While the care of premature babies in the NICUs generally adheres to global standards and best practices, post-discharge is often problematic. Many parents, ourselves included, hesitate to take their babies to polyclinics, the primary centers for outpatient treatment for premature babies post-discharge. Before our baby Nare was discharged from the NICU, the neonatologists informed us that we might not receive much help at the polyclinics and should primarily use their services for vaccinations.
The majority of polyclinics in Armenia, particularly those outside of Yerevan, require radical updates and modernization. Despite this, we chose to take Nare to the polyclinic due to a recommended pediatrician who is also a neonatologist. The building appears largely unchanged since the Soviet era, with old and often broken furniture. We use the clinic only for check-ups so the doctor can listen to Nare’s lungs and measure her growth. However, the polyclinic lacks a chart for tracking the growth of prematurely born children. Instead, they adjust Nare’s measurements based on a chart for full-term babies. I asked the Health Ministry about this chart, and they said that it is included in a decree issued by the Health Minister in 2021. I mentioned the Fenton preterm growth chart, which I found online, to our pediatrician. She had not heard of it and asked me to bring it during our next visit.

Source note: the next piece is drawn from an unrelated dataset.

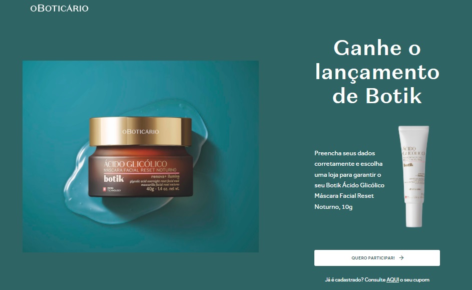 O Boticário voltou a distribuir brindes grátis aos seus consumidores para a nossa alegria, a campanha está sendo um sucesso e muitos leitores já estão indo até as lojas da marca espalhadas por todo Brasil resgatar gratuitamente uma Máscara Facial Reset Noturno Ácido Glicólico Botik. Para quem ainda não conhece os produtos da linha Botik aliam tecnologia Suíça a ativos de alta performance para potencializar resultados eficazes e visíveis para a sua pele.

Living in Yerevan, I’m fortunate to have the opportunity to choose the pediatrician for Nare. I also have the luxury of taking her to regular physiotherapy sessions to boost her motor skills and swimming classes to build additional strength. However, premature babies born in other regions of Armenia, especially those with health complications, lack these privileges.

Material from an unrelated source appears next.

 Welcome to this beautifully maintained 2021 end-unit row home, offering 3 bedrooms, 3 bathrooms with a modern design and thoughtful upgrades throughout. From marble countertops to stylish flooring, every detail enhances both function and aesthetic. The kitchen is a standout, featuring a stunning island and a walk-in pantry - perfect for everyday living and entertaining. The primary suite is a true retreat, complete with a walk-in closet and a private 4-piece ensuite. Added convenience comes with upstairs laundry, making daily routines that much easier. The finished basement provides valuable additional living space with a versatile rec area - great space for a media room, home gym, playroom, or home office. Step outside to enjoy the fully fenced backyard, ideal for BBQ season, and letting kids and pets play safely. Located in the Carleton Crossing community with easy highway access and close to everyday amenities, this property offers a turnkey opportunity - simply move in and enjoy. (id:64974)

In 2022, 40% of live births were registered outside of Yerevan, in the regions. While many pregnant women from nearby regions travel to Yerevan for delivery, for women in Syunik, Lori, or Tavush, a trip to Yerevan is neither easy nor affordable. Despite these obstacles, many parents of premature babies must make the journey for critical medical care.
Mariam Sayadyan’s twins were born at 26 weeks gestation on November 11, 2020. They weighed 1,100 and 1,080 grams respectively. Sayadyan lives in Vayk, 138 kilometers away from Yerevan. She regularly takes her children to the local polyclinic for check-ups and describes the conditions at the local health center as “okay”.

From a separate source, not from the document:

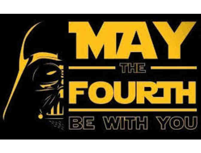 Join the Vanderbergs in your best Star Wars attire for a family party with food, drinks (Blue Milk! Yoda Soda! Dark and Storm Troopers!), games and movies! There will be lightsaber battles in the backyard! Will the Dark Side prevail? Star Wars Trivia for prizes inside! It's a party sure to be out of this world!

But, both of her twins have Retinopathy of Prematurity (ROP), an eye disease in premature babies caused by prolonged exposure to oxygen. If not monitored and treated promptly, the retina may be irreversibly damaged, leading to total blindness. A premature baby diagnosed with ROP needs to visit an eye doctor as frequently as every two weeks until the child is one year old, sometimes even longer. In addition to ROP, one of Sayadyan’s twins also has a heart condition that requires regular monitoring.
“It’s very difficult [to travel to Yerevan] by taxi with two children. It is also very difficult financially. We have no other options in our region,” says Sayadyan. In addition to regular trips, she has to take her children to the capital whenever they get sick.
My daughter also developed ROP. After her discharge, we took her for monthly screenings for three months. For us, the clinic is 20 minutes away, but for Sayadyan, it is a two-hour drive one way, and by taxi.
In 2018, Varsik Gevorgyan’s daughter was born at 26 weeks gestation, weighing 750 grams. Gevorgyan preferred to take her daughter to Yerevan, as she was not comfortable with her local health center. She lives in Sevan, which is 60 kilometers from Yerevan.
“I brought her to Yerevan almost every week, as she struggled with breathing and would turn blue,” says Gevorgyan, adding that these breathing issues persisted for about a year.
“To be honest, I was somewhat afraid because she was born prematurely. I was concerned they might lack the necessary equipment,” explains Gevorgyan.
UNICEF mandates the idea of “no child left behind”. Every child has the right to be healthy. However, each year, over ten thousand children born in Armenia lack the opportunities afforded to their peers in Yerevan.